▶ _WHAT IS BEING ASKED_: This exercise calls for every record to be returned exactly, with pictures removed.

▶ _Extracted records_:
_ _ _ _

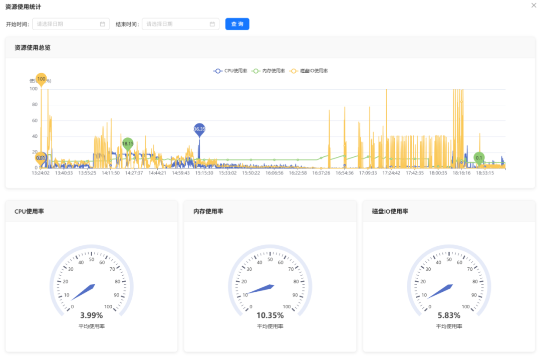 监控任务占用的CPU、内存、磁盘IO等平台资源,可查看使用趋势与详情。
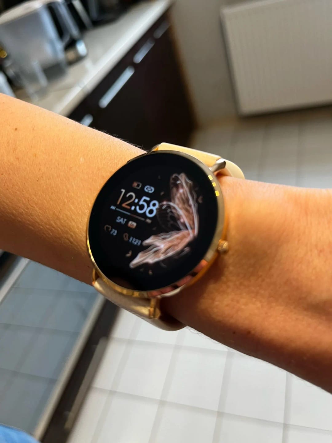 Jag har haft smartklockor tidigare men de har alltid varit tjocka eller obekväma. Den här är superslimmad och känns verkligen som ett smycke. Jag byter nästan urtavla varje dag, som att ha en ny klocka varje gång. Älskar dessutom att den fungerar perfekt med min iPhone.
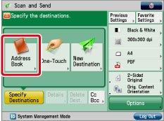 You can perform this procedure using the touch panel display or the Remote UI. Using the Remote UI, you can register a destination with ease.
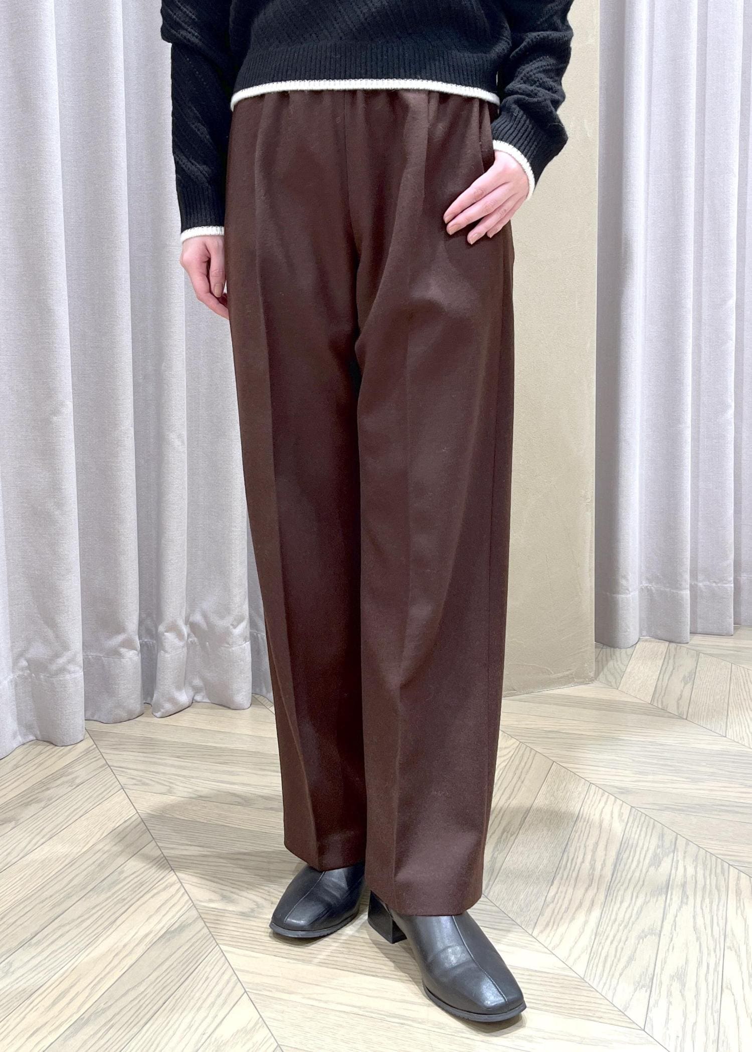 ROPÉウールフランネルタックイージーパンツ/イージーケア・セットアップ対応ダークブラウン / 36¥25,300レビュー【着丈】
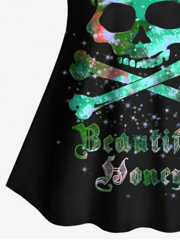 Plus Size Skull Glitter Print Boyshorts Tankini Swimsuit (Adjustable Shoulder Strap) - Green - 5x
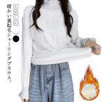 裏起毛 シャーリングトップス ハイネック ブラウス フリル 秋冬 レディース 長袖 インナー 厚手 裏起毛 パフスリーブ フリルネック レイヤード 重
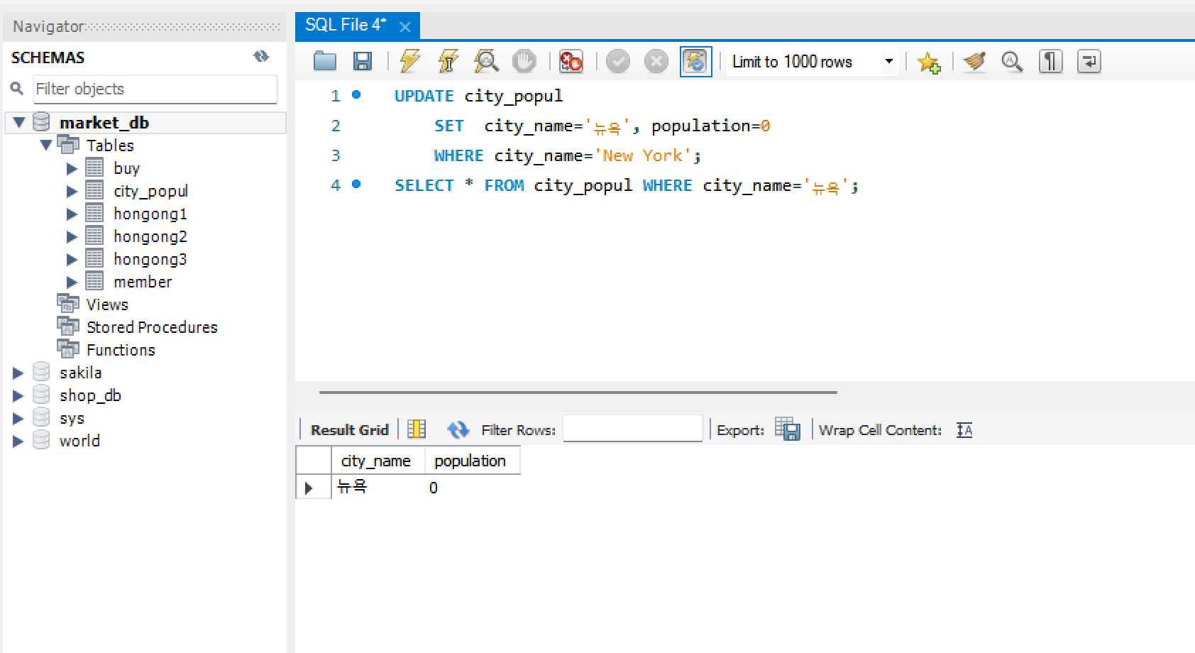 2) 다음 SQL은 도시 이름(city_name)인 'New York'을 '뉴욕'으로 바꾸면서 동시에 인구(population)을 0으로 설정하는 내용임.

_ _ _ _

▶ _RESULT FOR THIS TASK_:
 监控任务占用的CPU、内存、磁盘IO等平台资源,可查看使用趋势与详情。
 Jag har haft smartklockor tidigare men de har alltid varit tjocka eller obekväma. Den här är superslimmad och känns verkligen som ett smycke. Jag byter nästan urtavla varje dag, som att ha en ny klocka varje gång. Älskar dessutom att den fungerar perfekt med min iPhone.
 You can perform this procedure using the touch panel display or the Remote UI. Using the Remote UI, you can register a destination with ease.
 ROPÉウールフランネルタックイージーパンツ/イージーケア・セットアップ対応ダークブラウン / 36¥25,300レビュー【着丈】
 Plus Size Skull Glitter Print Boyshorts Tankini Swimsuit (Adjustable Shoulder Strap) - Green - 5x
 裏起毛 シャーリングトップス ハイネック ブラウス フリル 秋冬 レディース 長袖 インナー 厚手 裏起毛 パフスリーブ フリルネック レイヤード 重
 2) 다음 SQL은 도시 이름(city_name)인 'New York'을 '뉴욕'으로 바꾸면서 동시에 인구(population)을 0으로 설정하는 내용임.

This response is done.